How to write a SQL query with no duplicates correctly ?
There are two tables. Table 1 CUSTOMERS and table 2 ORDERS
CUSTOMERS (ID, FIRSTNAME, LASTNAME, ADDRESS);
ORDERS (ID, PRODUCT_NAME, PRODUCT_PRICE, DATE_ORDER, ID_CUSTOMER, AMOUNT);
ID in CUSTOMERS table is a primary key, and ORDERS table has ID_CUSTOMER a foreign key How should I write a query to show the ID of a customers without duplicates, who have ordered 'Apple MacBook Air 13' ?
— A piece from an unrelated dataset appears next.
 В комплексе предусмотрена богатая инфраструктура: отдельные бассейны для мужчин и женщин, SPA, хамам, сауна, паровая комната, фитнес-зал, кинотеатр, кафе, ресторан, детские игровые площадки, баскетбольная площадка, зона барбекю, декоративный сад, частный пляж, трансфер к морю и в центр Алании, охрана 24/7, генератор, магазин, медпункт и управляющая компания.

CUSTOMERS (ID, FIRSTNAME, LASTNAME, ADDRESS);
ORDERS (ID, PRODUCT_NAME, PRODUCT_PRICE, DATE_ORDER, ID_CUSTOMER, AMOUNT);
SELECT DISTINCT CUSTOMERS.ID, ORDERS.PRODUCT_NAME
FROM CUSTOMERS
INNER JOIN ORDERS
ON CUSTOMERS.ID = ORDERS.ID_CUSTOMERS
WHERE PRODUCT_NAME = ‘Apple MacBook Air 13’;
I have written a query but it seems unclear whether to use DISTINCT operator with INNER JOIN. Is it possible to have DISTINCT and joins ?
DISTINCT
is a meant to remove duplicates. This is useful sometimes. But it is also often an indicator for a badly written query, because: why are there duplicate rows in the result in the first place?
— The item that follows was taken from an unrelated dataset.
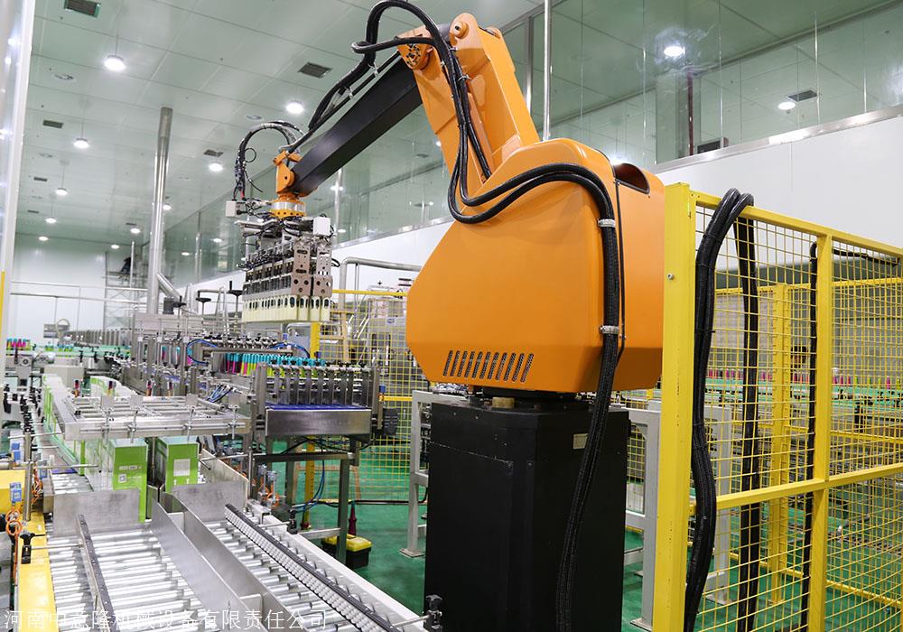 生产线中,进行码垛、拆垛作业的机器人码垛可以灵活布局,可以同时码垛两条线或者多条线,是生产线末端进行码垛作业的理想之选。

As to your query: Why are you joining the customer table? It doesn't provide anything we don't get from the orders table already. Your query can be shortened to:
SELECT DISTINCT id_customers, 'Apple MacBook Air 13'
FROM orders
WHERE product_name = 'Apple MacBook Air 13';
Or, as it's only about one product anyway:
SELECT DISTINCT id_customers
FROM orders
WHERE product_name = 'Apple MacBook Air 13';
We are using DISTINCT
here, because a customer can order a product multiple times and would hence show up in the results multiple times, didn't we use DISTINCT
. However, we read all 'Apple MacBook Air 13' rows, only to remove some or even many of them in the end.
We can write the query differently to avoid that. We start with the customers table and show those IDs / rows where we find at least one order on 'Apple MacBook Air 13'.
SELECT id
FROM customers
WHERE id IN
(
SELECT id_customers
FROM orders
WHERE product_name = 'Apple MacBook Air 13'
);
or
SELECT id
FROM customers c
WHERE EXISTS
(
SELECT *
FROM orders o
WHERE o.id_customers = c.id
AND o.product_name = 'Apple MacBook Air 13'
);
In these queries we only select from the customers table (the ID here, but we could just as well show the customer's name etc.) and use the orders table for lookup. Once the DBMS finds an 'Apple MacBook Air 13' order for acustomer, it doesn't have to look for more such orders for the same customer. That can save quite some time. And we only get each customer once and don't have to apply DISTINCT
(for which all result rows would have to be sorted and compared). The queries are also very readable (albeit a tad longer), because we clearly separate what table we are selecting rows from (FROM
clause) and what the search conditions are (WHERE
clause).